**Supplied data:**
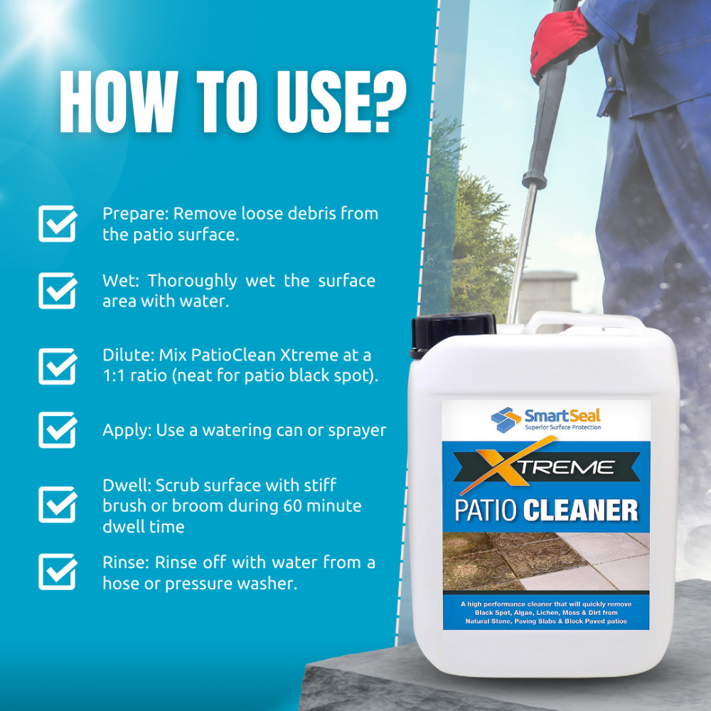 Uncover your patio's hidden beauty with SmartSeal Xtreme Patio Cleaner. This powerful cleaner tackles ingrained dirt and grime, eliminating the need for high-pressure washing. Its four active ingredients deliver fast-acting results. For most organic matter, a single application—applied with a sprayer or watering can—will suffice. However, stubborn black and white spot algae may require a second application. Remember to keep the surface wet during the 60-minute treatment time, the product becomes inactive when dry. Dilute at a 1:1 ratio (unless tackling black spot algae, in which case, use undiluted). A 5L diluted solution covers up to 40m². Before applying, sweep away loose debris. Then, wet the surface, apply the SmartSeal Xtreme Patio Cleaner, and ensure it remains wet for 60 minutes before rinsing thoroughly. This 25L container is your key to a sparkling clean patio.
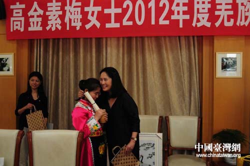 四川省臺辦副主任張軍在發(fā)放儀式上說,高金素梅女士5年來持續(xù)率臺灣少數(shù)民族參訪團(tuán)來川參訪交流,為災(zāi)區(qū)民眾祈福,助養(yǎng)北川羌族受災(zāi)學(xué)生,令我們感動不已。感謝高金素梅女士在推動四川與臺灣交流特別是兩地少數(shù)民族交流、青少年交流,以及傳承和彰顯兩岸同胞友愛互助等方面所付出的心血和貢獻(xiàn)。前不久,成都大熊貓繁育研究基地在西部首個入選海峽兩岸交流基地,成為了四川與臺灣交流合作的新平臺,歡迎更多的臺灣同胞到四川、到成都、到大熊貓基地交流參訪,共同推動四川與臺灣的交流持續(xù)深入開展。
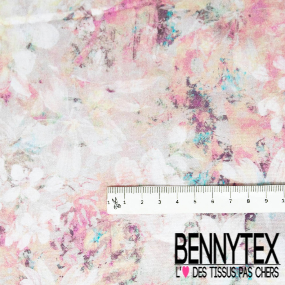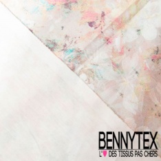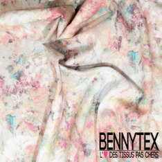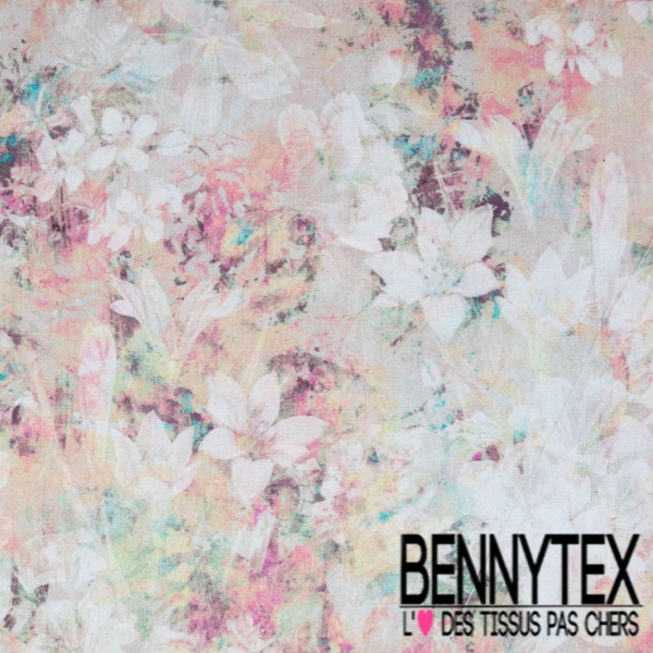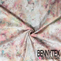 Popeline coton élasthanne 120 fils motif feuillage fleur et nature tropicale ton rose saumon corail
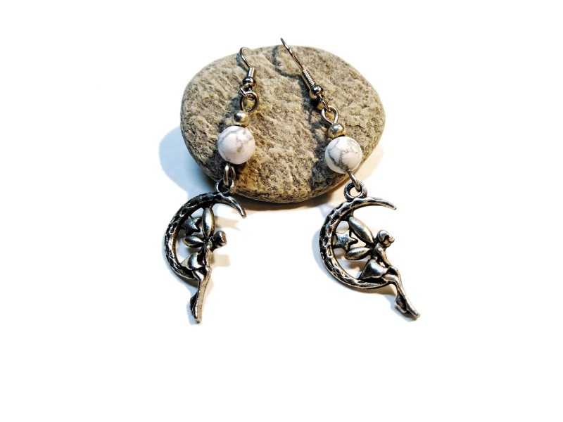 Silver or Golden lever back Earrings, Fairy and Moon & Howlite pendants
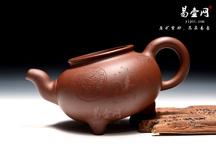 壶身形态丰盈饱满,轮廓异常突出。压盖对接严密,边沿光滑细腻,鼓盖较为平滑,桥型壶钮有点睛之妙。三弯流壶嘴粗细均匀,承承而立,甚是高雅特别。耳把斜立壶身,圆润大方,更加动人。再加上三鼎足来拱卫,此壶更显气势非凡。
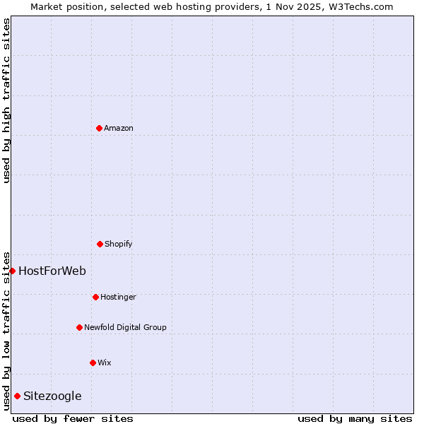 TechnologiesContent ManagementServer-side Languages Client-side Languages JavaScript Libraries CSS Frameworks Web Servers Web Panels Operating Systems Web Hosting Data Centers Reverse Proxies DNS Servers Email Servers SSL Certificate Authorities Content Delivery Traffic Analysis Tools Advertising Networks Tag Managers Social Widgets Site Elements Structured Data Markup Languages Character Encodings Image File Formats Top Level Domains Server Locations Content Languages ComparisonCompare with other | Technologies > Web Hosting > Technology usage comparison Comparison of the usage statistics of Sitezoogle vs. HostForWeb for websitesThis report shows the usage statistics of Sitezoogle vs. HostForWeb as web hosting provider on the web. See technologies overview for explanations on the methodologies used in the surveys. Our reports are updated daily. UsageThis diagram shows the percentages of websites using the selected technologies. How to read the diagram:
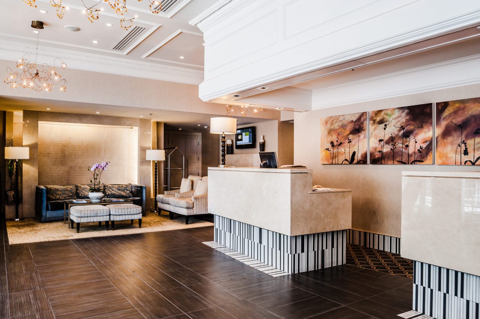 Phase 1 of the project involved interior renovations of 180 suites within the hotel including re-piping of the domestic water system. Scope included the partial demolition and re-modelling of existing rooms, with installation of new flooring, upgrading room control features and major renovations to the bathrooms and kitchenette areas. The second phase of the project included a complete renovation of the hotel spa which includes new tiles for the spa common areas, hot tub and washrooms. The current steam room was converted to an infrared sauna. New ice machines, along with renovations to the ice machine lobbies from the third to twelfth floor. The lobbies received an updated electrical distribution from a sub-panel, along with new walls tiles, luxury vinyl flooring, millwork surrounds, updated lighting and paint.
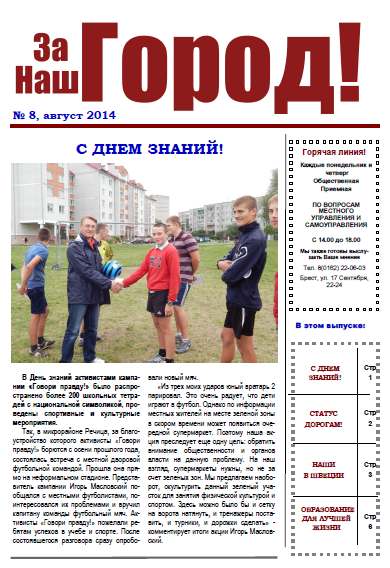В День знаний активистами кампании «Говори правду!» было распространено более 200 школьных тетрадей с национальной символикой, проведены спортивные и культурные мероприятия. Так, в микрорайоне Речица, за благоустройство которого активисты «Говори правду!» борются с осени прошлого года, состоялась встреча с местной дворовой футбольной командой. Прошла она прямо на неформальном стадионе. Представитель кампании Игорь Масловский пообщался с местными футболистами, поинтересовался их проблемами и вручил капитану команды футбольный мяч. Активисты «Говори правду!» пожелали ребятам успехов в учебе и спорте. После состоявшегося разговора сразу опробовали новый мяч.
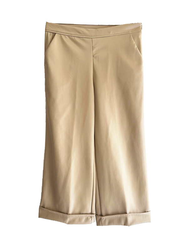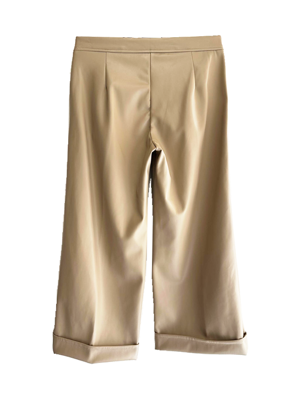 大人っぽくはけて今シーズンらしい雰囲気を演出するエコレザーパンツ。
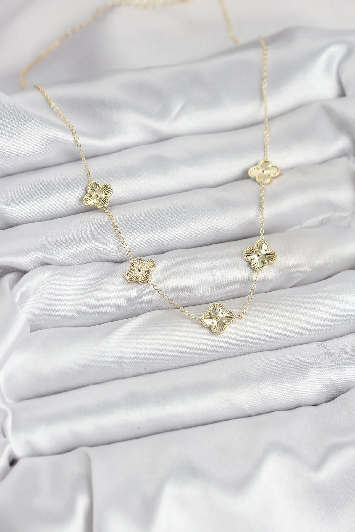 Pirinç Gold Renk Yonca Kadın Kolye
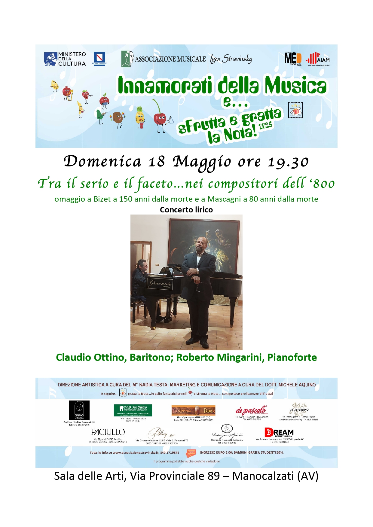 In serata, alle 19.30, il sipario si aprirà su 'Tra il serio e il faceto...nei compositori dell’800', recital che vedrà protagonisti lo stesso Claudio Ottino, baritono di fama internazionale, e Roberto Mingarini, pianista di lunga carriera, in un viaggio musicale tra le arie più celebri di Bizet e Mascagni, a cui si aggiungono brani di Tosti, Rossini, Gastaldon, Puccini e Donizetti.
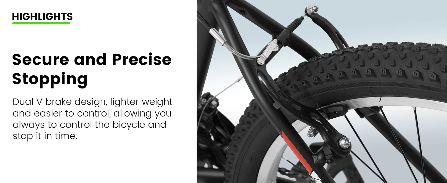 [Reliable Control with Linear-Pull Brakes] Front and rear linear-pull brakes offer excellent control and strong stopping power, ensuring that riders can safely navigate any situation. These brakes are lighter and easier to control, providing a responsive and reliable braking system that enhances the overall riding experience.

**Your goal:** Go back to the listing above and write out the lines starting at the one with "Popeline coton élasthanne" and ending at the one with "壶身形态丰盈饱满,轮廓异常突", inclusive, exactly and without pictures.

**Response area:**
 Popeline coton élasthanne 120 fils motif feuillage fleur et nature tropicale ton rose saumon corail
 Silver or Golden lever back Earrings, Fairy and Moon & Howlite pendants
 壶身形态丰盈饱满,轮廓异常突出。压盖对接严密,边沿光滑细腻,鼓盖较为平滑,桥型壶钮有点睛之妙。三弯流壶嘴粗细均匀,承承而立,甚是高雅特别。耳把斜立壶身,圆润大方,更加动人。再加上三鼎足来拱卫,此壶更显气势非凡。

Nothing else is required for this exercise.